June 26th 2015. That is the day Darkest Nights - Awakening will go live to the world. That's only six and a half hours away as I'm writing this. It's a terrifying thought. I've been dreaming of this since I was eleven. When I was very young I originally wanted to be a game designer. Then I wanted to be a lawyer. I'm not sure why I wanted to be a lawyer. It was just something I decided one day when I was asked what I wanted to be. I don't think I really wanted to be a lawyer. I think it was just something I said to sound smart. I had watched a few episodes of The Bill and it seemed like a good choice.
Then I saw Harry Potter and the Philospher's Stone and then I read the novel. I still thought being a lawyer was a good choice at this point but then I wrote my first story. It went unfinished but I got a buzz out of it and wrote several more. Suddenly I knew exactly what I wanted to be and that was an author. I've always been ambitious. Writing wasn't something I was good at and thankfully those early stories have been lost and most likely accidentally thrown out into the bin. Hopefully that's not foreshadowing for my future as a writer.
My point is that I've been looking forward to this moment since I was a kid. I never thought it would be through self-publishing but I've enjoyed the experience. I developed the front cover with an illustrator, I found a great editor to work with and the experience is 100% mine. I even sent the book out for review! I know that's what you're supposed to do but as someone who is generally terrified of people hating my work this is a big thing! Imagine George McFly from Back to the Future. Give him better hair, a slightly sarcastic attitude from reading far too many Spider-Man comics, make him better looking and you've got me! Some might disagree with that statement but his words "What if they say I'm no good? I don't think I can take that kind of rejection" ring true to me.

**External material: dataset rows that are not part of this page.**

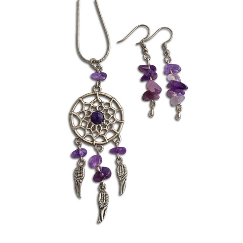 Set bijuterii colier si cercei cu dreamcatcher si ametist 115813
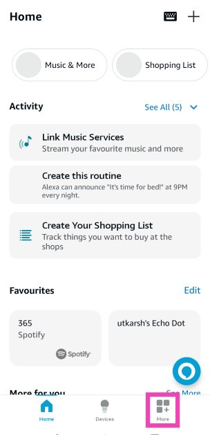 Βήμα 1:Εκτόξευσητην εφαρμογή Amazon Alexa στο τηλέφωνό σας και μεταβείτε στοΠερισσότεροαυτί.
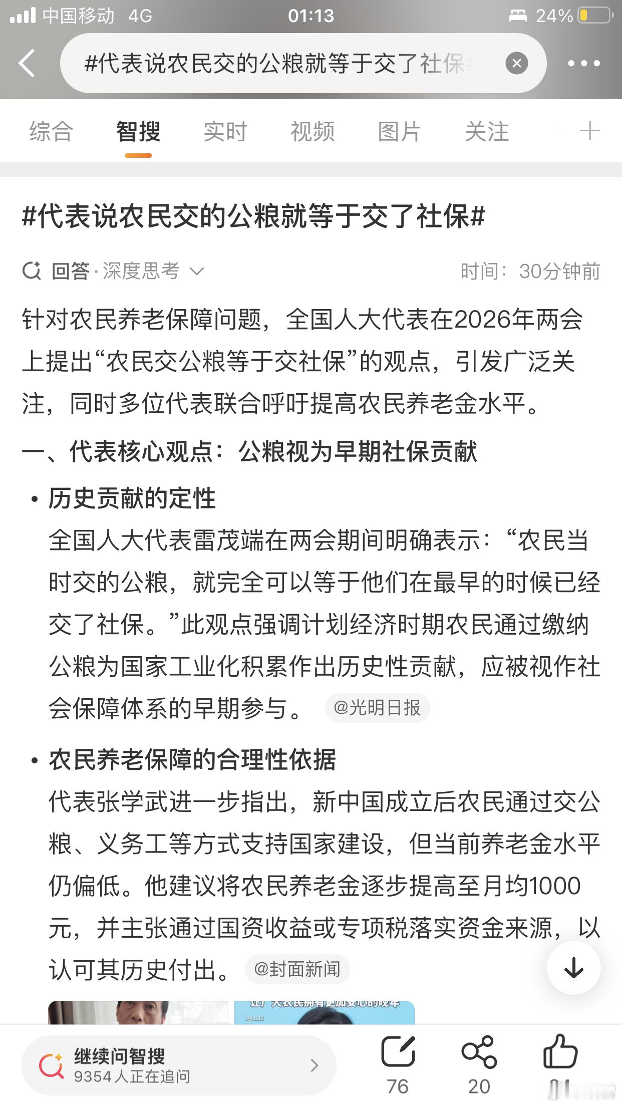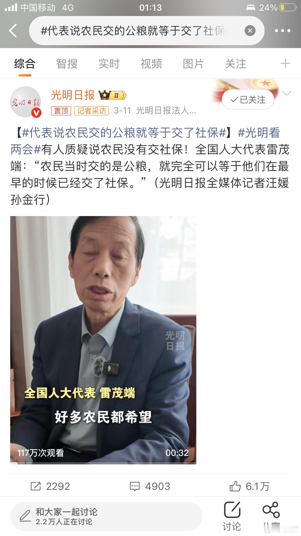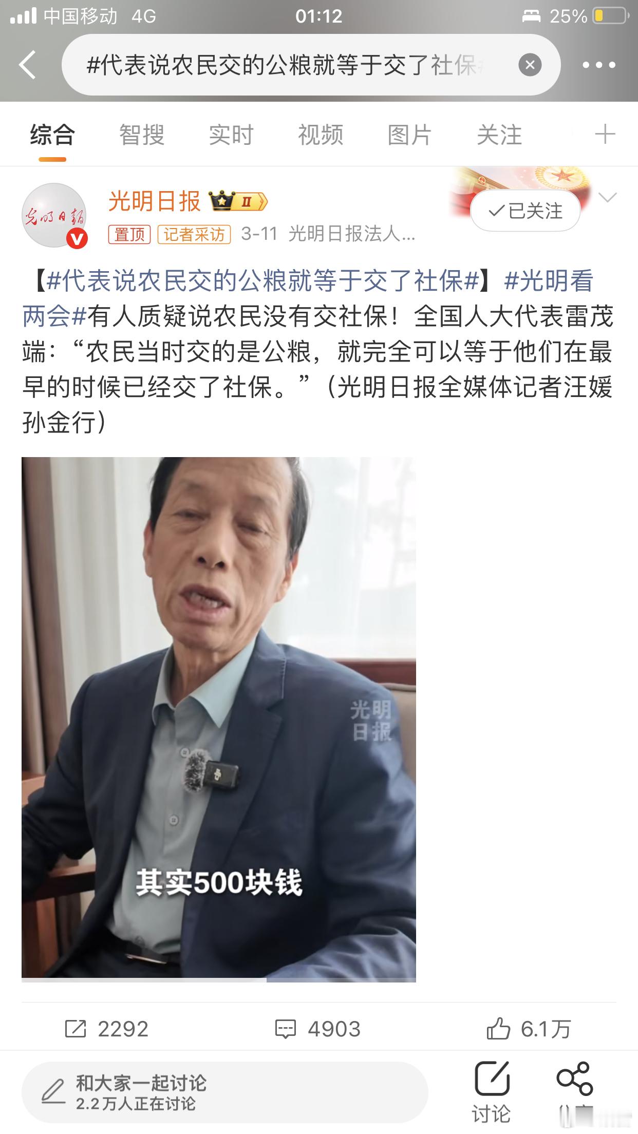 代表说农民交的公粮就等于交了社保建议国家高度关注农民的养老和医疗保障,让农民晚年更安心

I was never the best in anything at school and it damaged my confidence so all my stories were kept very close to the chest so only a few read them. But this is what I've always wanted to do so I took a chance. My first review was 5 Stars. Now I know that not everyone will like it that much but that's life. Everyone has an opinion and the world would be boring if they were all the same. Not everyone will like my novel but then not everyone likes Star Wars. There are people who can't stand Lord of the Rings or Game of Thrones! But that 5 Star review has put me at ease. Someone actually liked my novel! In fact, they loved it! I got this review just after midnight and it brought on all kind of feelings. I wanted to shout the roof off and tell everyone but I was considerate and decided to post it on Facebook instead. The joys of modern technology am I right?
I'm even having a book launch tomorrow! My very own book launch! Booked a venue and everything! Again, I'd like to stress that I have been dreaming of this since I was a kid. I'm kind of in a state of disbelief. Much to my surprise... I'm not even nervous. I think it's because I'm making good on a promise I made myself last year. I promised myself that I would make 2015 a great year for me and that a big part of that would be by self-publishing my novel. It's not even the only book I'm releasing this year! I plan on releasing two Alice in Wonderland-related novels out in November to celebrate Alice's 150th Anniversary. I've even come up with a release plan for my planned novels! I sat down and planned how many novels I want to release per-year and set up rough time frames for them all.
Before it was always just a dream. Last year I decided to make that dream a reality. This year I have been focusing on that dream and tomorrow that dream becomes true. I'm finally going to become the author I've wanted to be since I was eleven.
Darkest Nights - Awakening releases on the 26th of June on iBooks and the 27th of June on Kindle.